Sonriente y aparentemente feliz, la actriz posa sobre la arena, envuelta en una toalla verde, un albornoz blanco o un bañador naranja. A veces, juega con el agua o bebe champán. Parece un espíritu despreocupado que sabe gozar del instante.

Barris continuó la sesión fotográfica en Hollywood Hills, donde Marilyn, con un jersey rosa, se abraza a una columna, posa de espaldas ante una celosía con un pantalón y un jersey naranjas o sonríe al volante de un coche descapotable. Ya en el interior, habla por teléfono desde la cama. La imagen puede interpretarse como un presagio de su muerte.

Al parecer, Marilyn estaba ligeramente resfriada, pero parecía relajada y tranquila. Natural, sencilla, cercana, Barris contó que lanzó un beso a la cámara, aclarando que era "solo para George y el resto del mundo". De buen humor y sin la sofisticación de otras sesiones fotográficas, no parece una superestrella ni un mito sexual, sino una mujer inteligente que disfruta de la vida.

"Durante sus últimos días, Marilyn estuvo muy animada –comentó más tarde Barris–. Estaba llena de vida y esperaba comenzar una nueva fase en su carrera. Aunque ninguno de sus maridos y amigos la había hecho feliz, ella seguía buscando. Jamás he creído que acabara con su vida. Mi convicción es que fue asesinada".

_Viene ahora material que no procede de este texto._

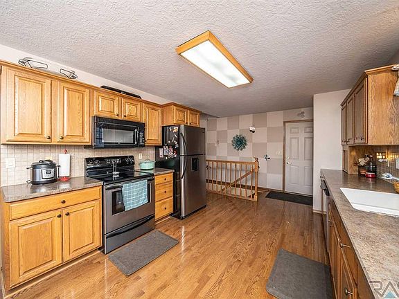 WOW! Is all I can say this one is bound to be a winner. This open concept Ranch Walkout home features 4 bedrooms, 3 bathrooms, HUGE over-sized heated 3 car garage & a neighborhood just calling your name. Some nice features include: 3-yr old shingles, wood siding painted about 3-4-yrs, heated garage you can fit a boat or extended cab truck (extra wide garage door 10') or work space w/work bench, room for MF laundry in kitchen, beautiful wood floors, wonderfully upgraded kitchen cabinets (storage & roll out shelves), Raised Garden Boxes, Self draining sprinkler system, storage shed, stamped patio off walkout, solid core doors & hardwood trim, recent bathroom & kitchen upgrades. Located on the East-side in close to John Harris Elementary, parks with pool & summer entertainment, restaurants, churches, schools & easy access to much of Sioux Falls within minutes of your front door. This is a wonderful mature area with great established Neighborhood Watch. More info in attached docs!

Cuando se puso el primer suéter ajustado, la reacción que provocó en sus compañeros le reveló su poderoso magnetismo sexual

Marilyn confesó a Barris, al que conocía desde los 28 años cuando le hizo la primera fotografía, que odiaba vivir sola y que solo se escribían mentiras sobre ella. Sabía que despertaba el deseo de los hombres. Desde los doce años, cuando se puso el primer suéter ajustado, la reacción que provocó en sus compañeros le reveló su poderoso magnetismo sexual.

Con trece años, aparentaba dieciocho y era cortejada por jóvenes de veinte. Se casó a los dieciséis, buscando un hogar, pues hasta entonces había pasado por varias familias de acogida y nunca había experimentado la serenidad de los afectos duraderos. Gladys, su madre, era una mujer inestable y no sabía con certeza quién era el padre de Marilyn.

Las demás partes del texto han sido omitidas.